- [Exercise data]:
* * * * *

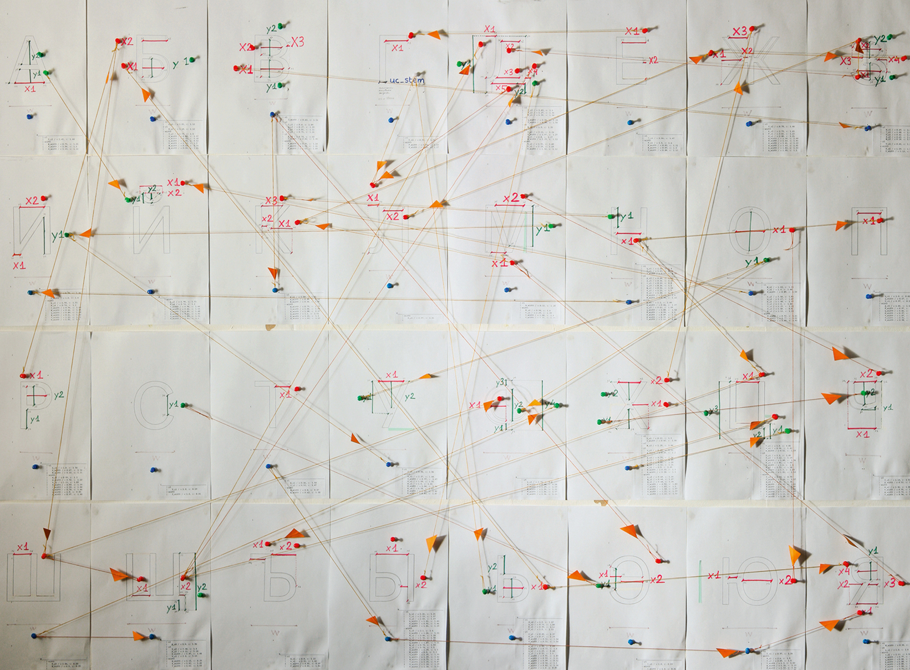 Wooden Cyrillic typeface (ca. 1929), a diploma project by Vladimir Favorsky’s student Boris Grosevsky, shown in the presentation given by Rustam Gabbasov and Eugene Yukechev.
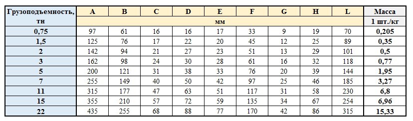 Технічні характеристики транспортного крюка з вушком:
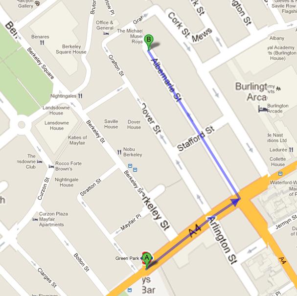 Green Park tube station is the closest tube station from Royal Institution. The 0.3 mile distance can be covered in just 6 minutes on foot. From the tube station head northeast on Piccadilly / A4 and then turn left onto Albermale St. The institution will be on your right side. View Map

* * * * *

Only lines belong in the copy: transcribe those from the start of the data through the line that contains "Технічні характеристики транспортного", and skip the pictures.

- [Written answer]:
 Wooden Cyrillic typeface (ca. 1929), a diploma project by Vladimir Favorsky’s student Boris Grosevsky, shown in the presentation given by Rustam Gabbasov and Eugene Yukechev.
 Технічні характеристики транспортного крюка з вушком:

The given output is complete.